+++ GIVEN RECORDS

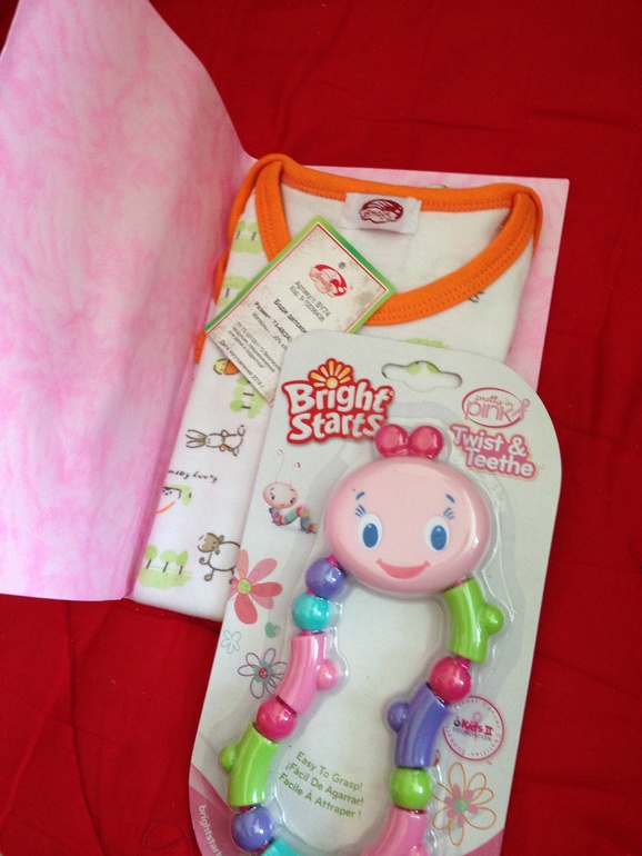 Это Кате боди и грызунок.. грызунок ее что-то не впечатлил, она набросилась на баночки с пластилином, но зато очень понравился Марье ))
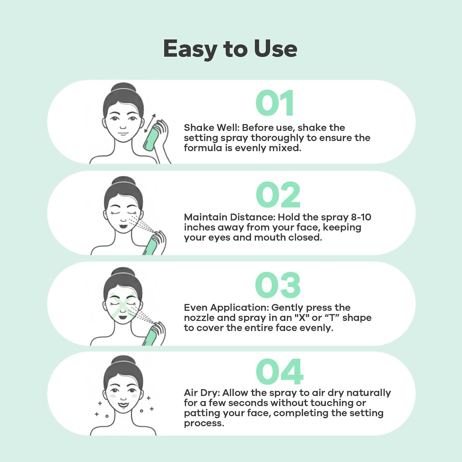 Easy to Use: CharmCherry Setting Spray is designed for easy application. Simply press and release a fine mist that evenly covers your entire face, setting your makeup in seconds. To use, hold the bottle about 8 inches from your face and spritz 2-4 times after applying makeup, allowing it to dry naturally. The 02# Dewy Finish adds a luminous glow without making your skin feel greasy.
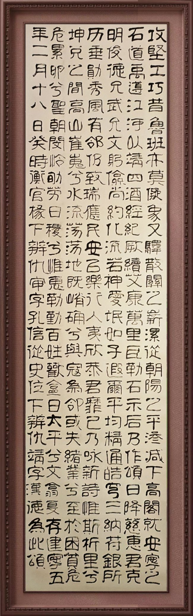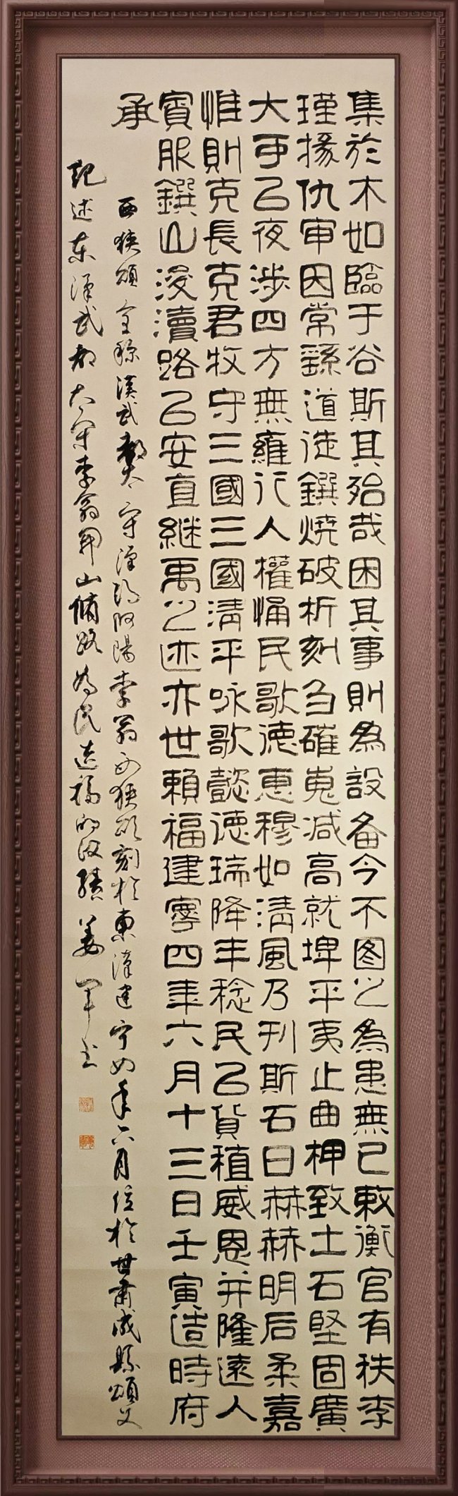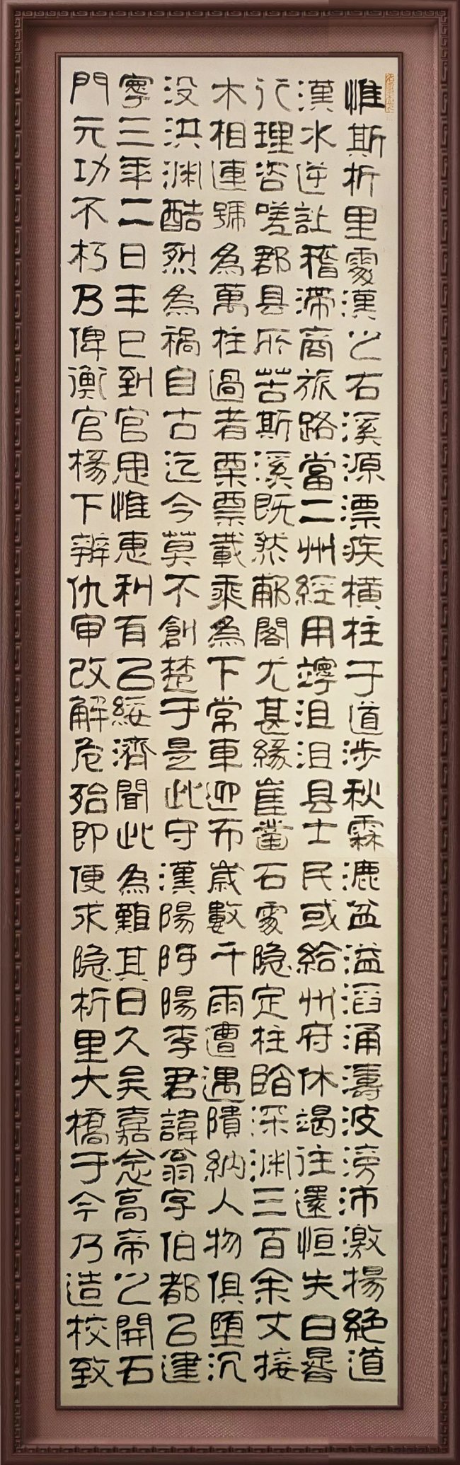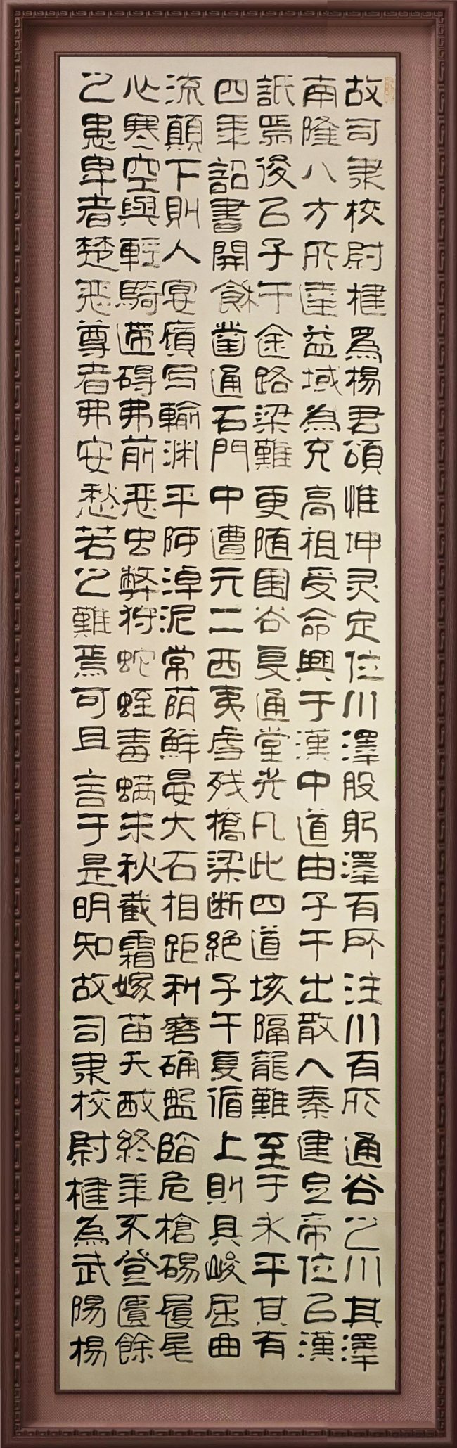 书作既有《西狭颂》的金石骨力,又具武者的爽利气度,字里行间可见“笔为剑、墨为锋”的文武相融之境,既守传统法度,又以武韵赋能笔墨,形质与神采兼备,尽显中华文武同宗的文化底蕴。从书体上看,他的楷书、隶书,特别是小楷,个性风格渐显。行草书则一气呵成,笔酣墨畅,大气淋漓,展现出斩钉截铁的气势。其作品整体结构端庄,行笔大气,笔法干练,中宫严谨,结构舒展,用笔凝重,有从险绝回归平整的奇趣。
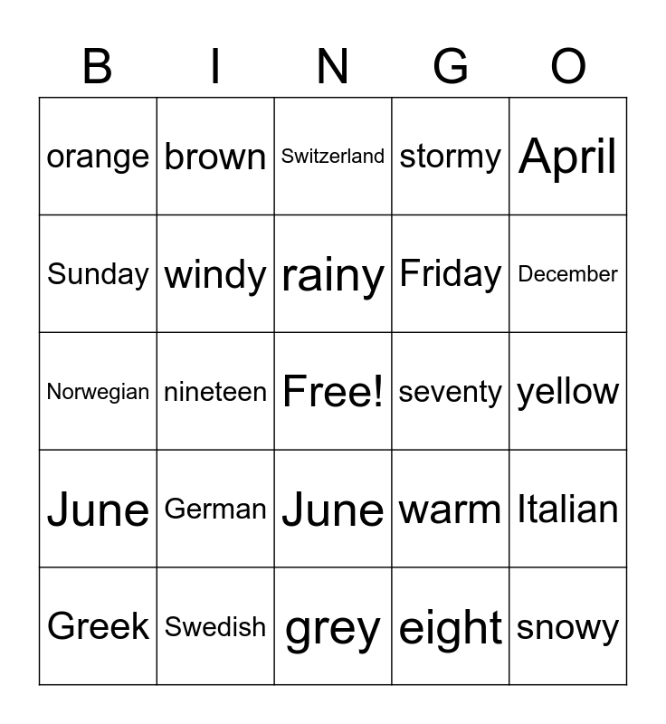 This bingo card has a free space and 24 words: German, Swedish, rainy, Greek, April, orange, Sunday, brown, seventy, June, Friday, Norwegian, warm, Italian, windy, eight, yellow, Switzerland, December, nineteen, snowy, June, stormy and grey.
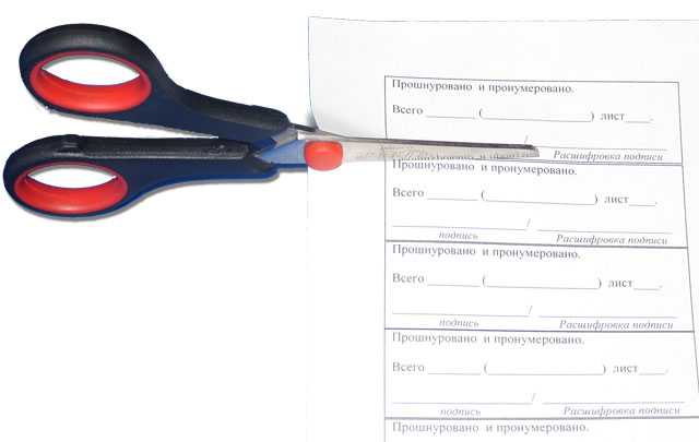 • когда клей подсохнет, на заверителе вписывается количество листов арабскими цифрами и в скобках прописью, его подписывает ответственное за составление дела лицо, а юридические документы — руководитель и ставиться печать.

++++++

**EXERCISE AIM:**
Give the data again exactly. Keep the images out.

**TASK ANSWER:**
 Это Кате боди и грызунок.. грызунок ее что-то не впечатлил, она набросилась на баночки с пластилином, но зато очень понравился Марье ))
 Easy to Use: CharmCherry Setting Spray is designed for easy application. Simply press and release a fine mist that evenly covers your entire face, setting your makeup in seconds. To use, hold the bottle about 8 inches from your face and spritz 2-4 times after applying makeup, allowing it to dry naturally. The 02# Dewy Finish adds a luminous glow without making your skin feel greasy.
 书作既有《西狭颂》的金石骨力,又具武者的爽利气度,字里行间可见“笔为剑、墨为锋”的文武相融之境,既守传统法度,又以武韵赋能笔墨,形质与神采兼备,尽显中华文武同宗的文化底蕴。从书体上看,他的楷书、隶书,特别是小楷,个性风格渐显。行草书则一气呵成,笔酣墨畅,大气淋漓,展现出斩钉截铁的气势。其作品整体结构端庄,行笔大气,笔法干练,中宫严谨,结构舒展,用笔凝重,有从险绝回归平整的奇趣。
 This bingo card has a free space and 24 words: German, Swedish, rainy, Greek, April, orange, Sunday, brown, seventy, June, Friday, Norwegian, warm, Italian, windy, eight, yellow, Switzerland, December, nineteen, snowy, June, stormy and grey.
 • когда клей подсохнет, на заверителе вписывается количество листов арабскими цифрами и в скобках прописью, его подписывает ответственное за составление дела лицо, а юридические документы — руководитель и ставиться печать.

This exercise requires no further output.